More steps. Closer. Farther. Answering each other across distances I once tried to walk. The coffers pause. The little ones hold where they are because their bodies remember what happens when the large ones pass. They do not look down. They do not look up. They freeze and let the world choose.
The column above widens. It pushes harder. It shoves red through the cracks, and for a moment I can see. Not faces. Edges. A shoulder where a mountain shouldn't be. A ridge line that starts to bend and then decides to be an arm. Something like hair dragging over rock, long and wet and threaded with bony hooks that catch and pull loose with a sound like teeth being pulled. It fades and returns and fades again as the pressure breathes.
They are heading toward the same point. Not because it is marked. Because the middle is where they wait.
The shelf heaves once. A thin line opens next to my heel and runs to the edge like an idea that found its words. I slide my feet forward an inch. The line stops at the rim and thinks about becoming a fall. It doesn't. Not yet.
Below, the climbing resumes. The little ones pour over the basin's lip in a thick ribbon and make for the nearest rise. The sound rises with them, a constant grinding that eats the smaller noises underneath. When one breaks, the ones behind step higher.
The steps converge. Left. Right. A pattern forms: four heavy impacts, a pause, three, a pause, and then the ground gives a long sigh as if it is tired of pretending to be hard.
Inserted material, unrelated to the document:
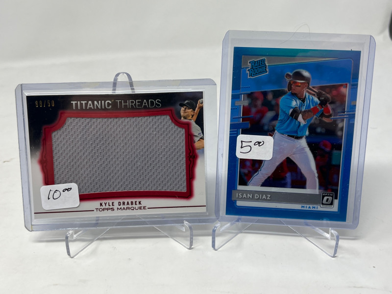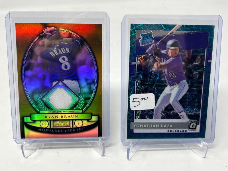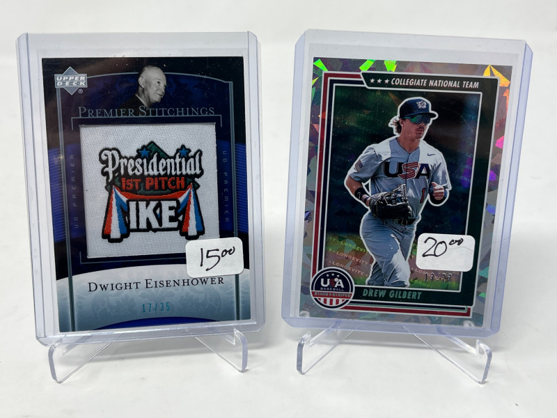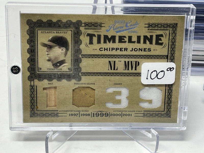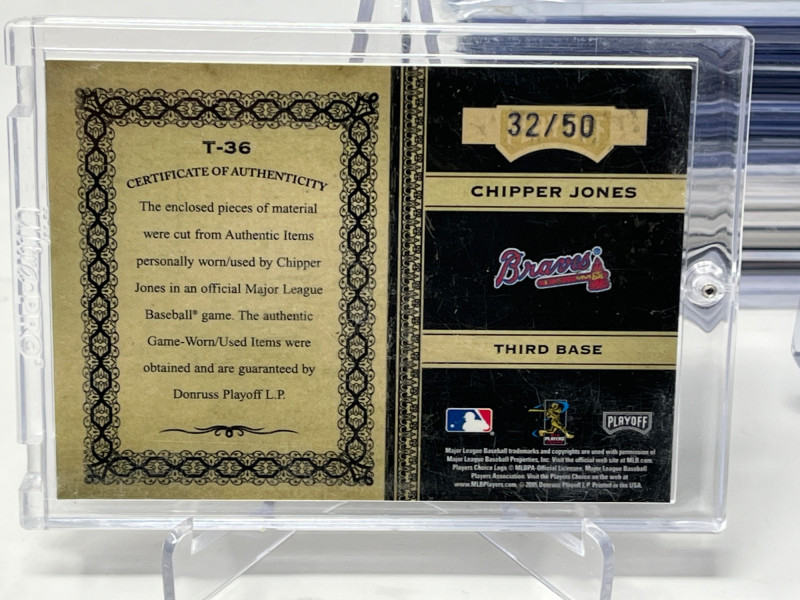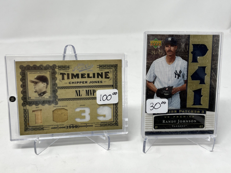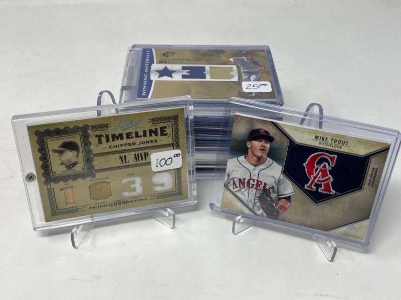 Lot of 20 High End/Low Numbered Sports Cards (Chipper, Trout, Maddux) All Cards In Lot Pictured. All Cards Sleeved & Top Loaded See Chipper Jones Quad Relic from 2006 Prime Cuts/50, Trout Commemorative Patch, Game Used Relics from Randy Johnson, Greg Maddux, Joe Mauer, & More!

I lay back on the shelf and put my ear against the stone. The thorns press into my jaw. I accept it. From here, the steps come cleaner. They are taller than the ones I remember. Or the stone here is weaker. Or both.
I keep my ear there until a shard of grit crawls in. I sit up and tip my head until the shard falls out. It leaves a small raw taste that runs down the throat. I swallow and it keeps tasting.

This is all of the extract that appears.